Assigned task: Reproduce the material below only from the line with "Kameralny budynek z" to the line with "NITORI宜得利家居 带刀鞘刀具2件套SH03不锈钢刀", both included, keeping each line exact and dropping the pictures.

Data:
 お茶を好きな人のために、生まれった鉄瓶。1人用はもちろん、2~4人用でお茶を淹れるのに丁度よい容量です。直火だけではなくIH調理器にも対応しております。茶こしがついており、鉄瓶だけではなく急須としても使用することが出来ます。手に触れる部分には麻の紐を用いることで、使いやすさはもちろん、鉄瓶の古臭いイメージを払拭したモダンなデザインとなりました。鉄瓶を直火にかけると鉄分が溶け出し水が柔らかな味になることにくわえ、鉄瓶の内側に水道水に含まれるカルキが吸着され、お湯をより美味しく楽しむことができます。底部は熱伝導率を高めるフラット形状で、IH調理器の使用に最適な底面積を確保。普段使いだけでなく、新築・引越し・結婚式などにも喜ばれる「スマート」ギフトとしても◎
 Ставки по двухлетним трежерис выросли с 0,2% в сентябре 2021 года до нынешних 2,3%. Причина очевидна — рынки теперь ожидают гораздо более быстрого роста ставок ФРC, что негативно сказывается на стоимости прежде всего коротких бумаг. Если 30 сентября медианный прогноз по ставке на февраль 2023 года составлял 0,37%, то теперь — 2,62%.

--

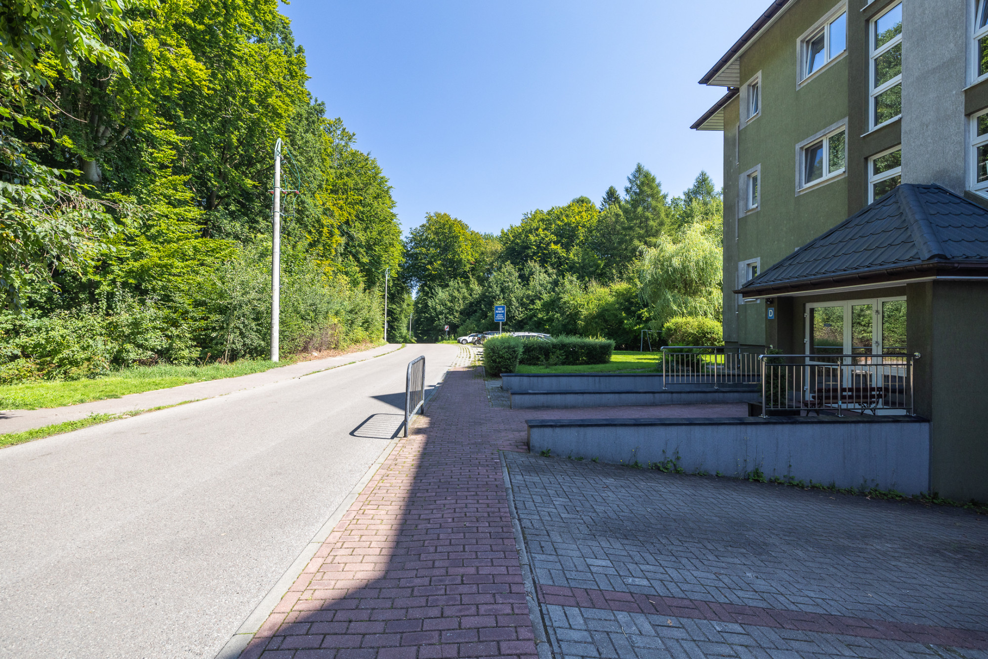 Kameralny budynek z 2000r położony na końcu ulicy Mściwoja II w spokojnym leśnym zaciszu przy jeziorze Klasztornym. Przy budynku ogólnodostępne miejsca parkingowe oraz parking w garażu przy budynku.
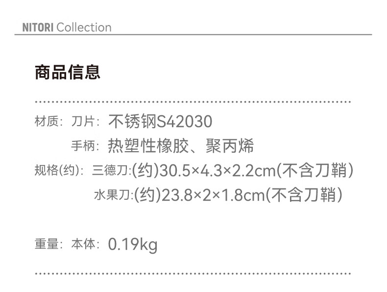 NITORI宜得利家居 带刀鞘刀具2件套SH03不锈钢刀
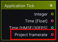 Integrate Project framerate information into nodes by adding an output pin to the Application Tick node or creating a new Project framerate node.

Output of the exercise:
 Kameralny budynek z 2000r położony na końcu ulicy Mściwoja II w spokojnym leśnym zaciszu przy jeziorze Klasztornym. Przy budynku ogólnodostępne miejsca parkingowe oraz parking w garażu przy budynku.
 NITORI宜得利家居 带刀鞘刀具2件套SH03不锈钢刀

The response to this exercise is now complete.